In some places, dollarization remains the only route to long-term price stability. Both Ecuador and El Salvador use the dollar and enjoy low inflation even under populist left-wing leaders.
The Hidden Costs of Dollarization
Nevertheless, America should not pursue a pro-dollarization agenda. In stable economies, dollarization is unnecessary and brings significant costs. Dollarized economies import the Federal Reserve's monetary policy instead of setting their own. This makes fighting recessions tougher.
Because they cannot create money, it becomes harder to support the financial system temporarily during a crisis. A transition to dollar stablecoins could lead to chaos, involving bank runs and market crashes. Countries rightly defend their monetary sovereignty. It is not in America's interest to be blamed by allies for turmoil.
Risks for America Itself
Dollarization also has a dark side for America. Ironically, the dollar's status is the main reason America can run a carefree fiscal policy. It carries net debts of 100% of GDP and a budget deficit around 6%. If more of the world used dollars, it would delay the moment when a fiscal adjustment becomes necessary.
That may sound good if you sit in the Treasury today. However, the more debt America accumulates, the worse an eventual crisis might be. America itself could face a run on its currency on an epic scale. Others fear this scenario, and America is not immune.
Fixing the budget beats finding more buyers for American debt. It would avoid the danger of crisis and make America's reserve-currency status more likely to endure. It would also dodge a glaring contradiction in Mr. Trump's agenda. A model of high debt and global dollarization almost certainly means bigger trade deficits, which the president loathes.
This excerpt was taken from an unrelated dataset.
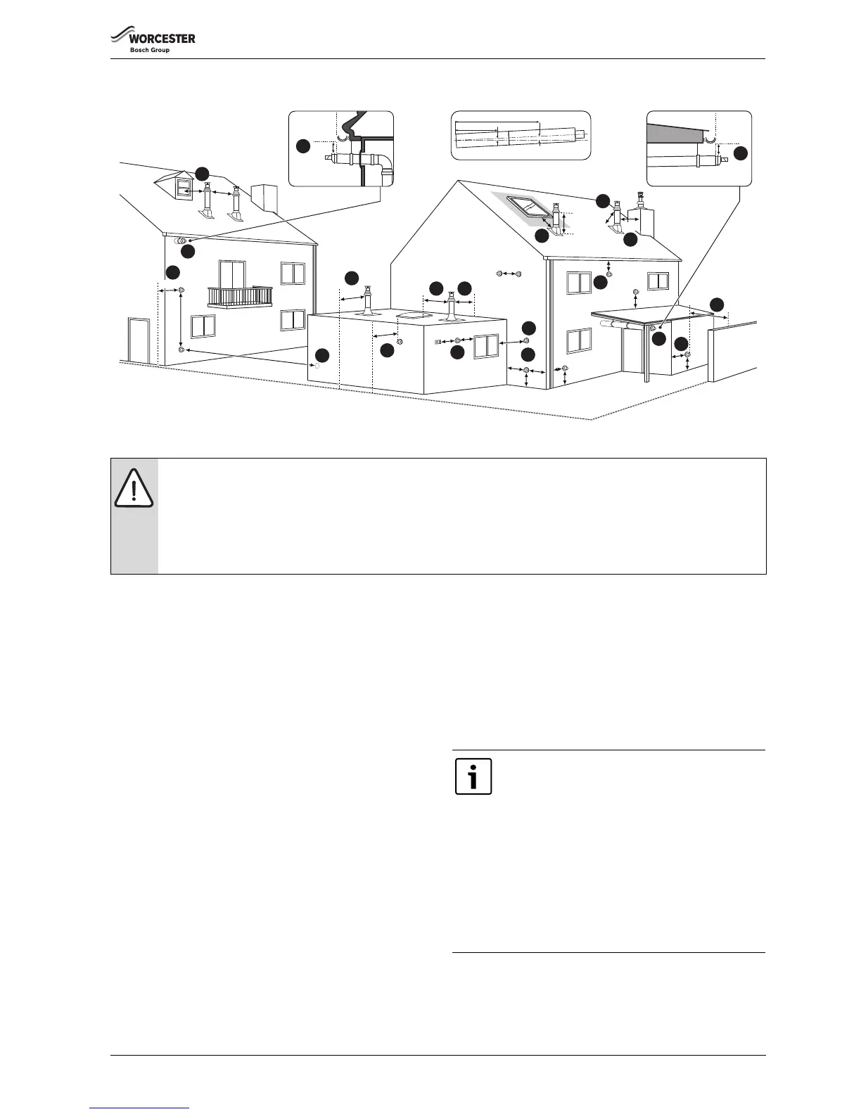 ▶ Terminals must be positioned so to avoid combustion products entering the building.

Inflows of capital largely mirror the trade deficit. That is why the administration's trade hawks remain suspicious of the dollar's global status.
A Balanced Approach
It is a relief that the pro-dollar camp within the administration has prevailed. The greenback has not recovered much from the panic that followed Mr. Trump's "Liberation Day" tariffs. Investors are warier of unhedged dollar risk than before. At one point, taxes on foreign investors were on the cards.
Yet that does not mean the White House should overcorrect and seek dollarization where it is unnecessary and unwanted. The best way to make your currency attractive is to run good economic policy at home. Strong domestic policies will naturally enhance the dollar's appeal without forcing adoption on others.